With the help of a cultural land advisor, North Canterbury farmer John Faulkner is creating a diverse mahinga kai - Māori food gathering site - on his riverside property.
"I've got the land, I've got the area..." That's what went through John Faulkner's mind while hearing about the efforts to regenerate rural land at a zone committee meeting.
Now with the help of Makarini Rupene (Ngāi Tahu), Faulkner was restoring the biodiversity on his land.
Down from Faulkner's dairy support block, on the south bank of the Waiau Uwha River, tōtara, mānuka, kānuka, cabbage trees, and flax were nestled once again.
"And approximately 50 or 60 rongoā māori species in here. They are all endemic of a five-kilometre radius, so they were here in the past."
Faulkner's 162-hectare dairy farm, a kilometre up the road, was integrated with the support block. In winter, the cows come down and graze on the 35h available to them.
He wanted a restoration site based on traditional Māori values and usage of the land. After learning about mahinga kai, and furthermore, nohoanga sites, Faulkner believed he had the space to develop a contemporary version.
"The nohoanga site was explained to me by Makarini [Rupene]. It was about the traditional gathering of mahinga kai.
"There was a resting area where the tribe would camp for a period of time ... but there are not many of the sites that are functional in Canterbury anymore."
Rupene worked for Environment Canterbury as a cultural land management advisor. He connects with farmers, explaining the concept of mahinga kai and the cultural values that go with it.
The mahinga kai philosophy, as described by Environment Canterbury, was about valuing natural resources that sustain life, including the life of people.
Rupene said it dates back to the signing of Te Tiriti o Waitangi, which was in part an attempt to protect natural resources and assets.
"Then again, I jump to 1848 when the New Zealand Company purchased, here in Canterbury, 22 million acres from Ngāi Tahu. Under the agreement, 10 percent were to be put into reserves, hospitals, schools, and access to mahinga kai.
"For our people, when that purchase deal was done, which unfortunately wasn't honoured, there was 2000 pounds paid but there were no schools, no hospitals, and out of that 10 percent, less than 1 percent was put into reserves."
As fences popped up, it became apparent that access to mahinga kai and the cultural way of life was being eroded, Rupene said.
Faulkner said that the way Māori culture values land resonates with him.
Growing up in Morrinsville, almost every surname in the area was a Māori name, he said.
"Right beside our farm was the site of an old Māori pā. I was fortunate in having a history teacher that taught us a modern version of New Zealand history and we also had two marae about five kilometres from where we lived."
Sitting at the zone committee meeting, Faulkner got to the point where he had heard enough talking.
"I thought 'I've got the land, I know what needed to be done, and I'll give it a crack myself."

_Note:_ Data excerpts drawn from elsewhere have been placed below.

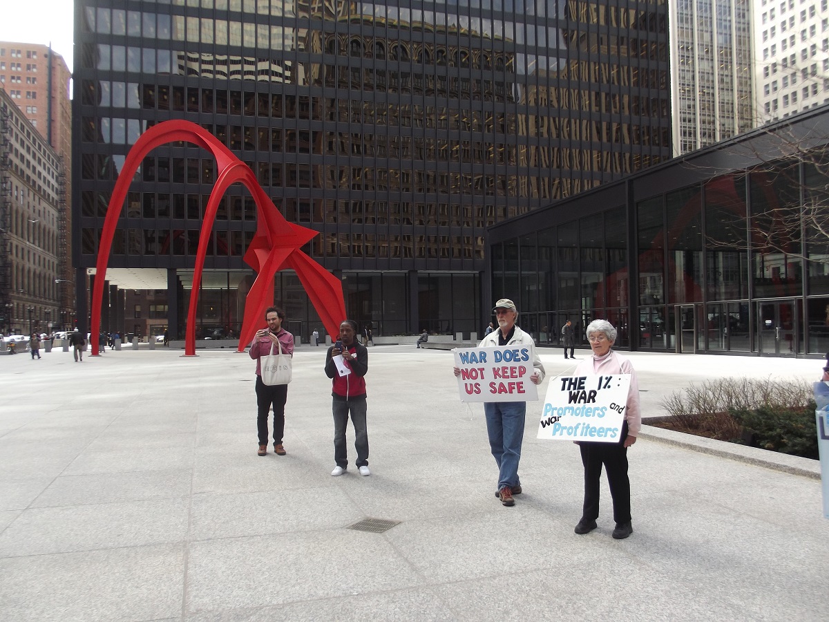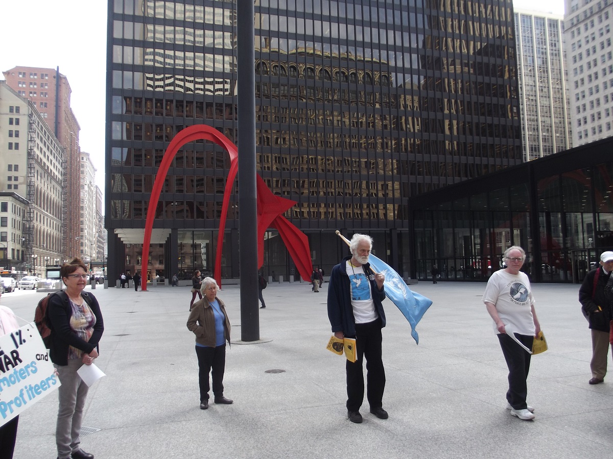 Starting to demonstrate in Federal Plaza with large orange sculpture
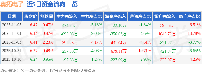 证券之星消息,截至2025年11月5日收盘,奥拓电子(002587)报收于6.47元,上涨0.47%,换手率2.69%,成交量14.18万手,成交额9158.53万元。
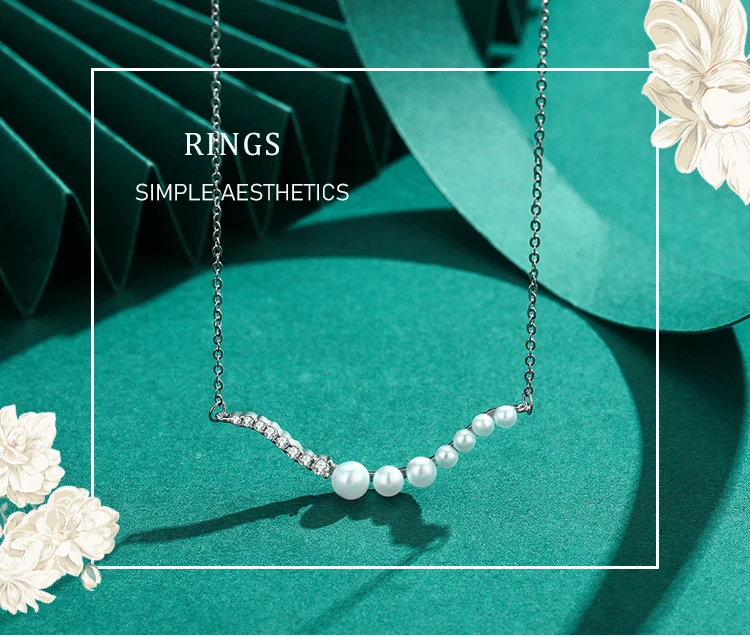 Ожерелье женское из серебра 925 пробы с жемчугом в форме волны

Faulkner said that while working around the regenerated land, he can feel its mauri [lifeforce].
"It's got something about it that just calms the soul."
Rupene tautokos, or supports, what Faulkner said.
"Interestingly enough, a lot of farmers on their farms have that one little special place.
"For us, we say mauri - life force - it has that specialness. And they feel it. It's a place that some farmers like to go."
To make the site family-friendly, Faulkner has set up a parkland area where children can explore. He hoped that one day it could even be a campsite - or nohonga - following in the traditional concept of mahinga kai.
"If you think about the cultural experience with mahinga kai, it's not an isolated person that is going out and doing some fishing, in the traditional concept it was the whole family.
"There may be more mahinga kai sites developed in the future but this could still be used as a base for the camping.
"You go out, do some harvesting, and come back sit around the fire, have a beer, and tell stories like we used to. It's about having that experience in the nature."
Rupene said it was brilliant to have someone with the commitment and vision of Faulkner.
"He's actually keeping the whakapapa of all these plant species alive. It still has that relationship to what originally was here.
"If we could get more landowners and industry groups supporting this, our environment minister pushing for this throughout all of New Zealand ... it has a follow-on effect which creates a healthier environment for everything through our drinking water and breathing our clean air."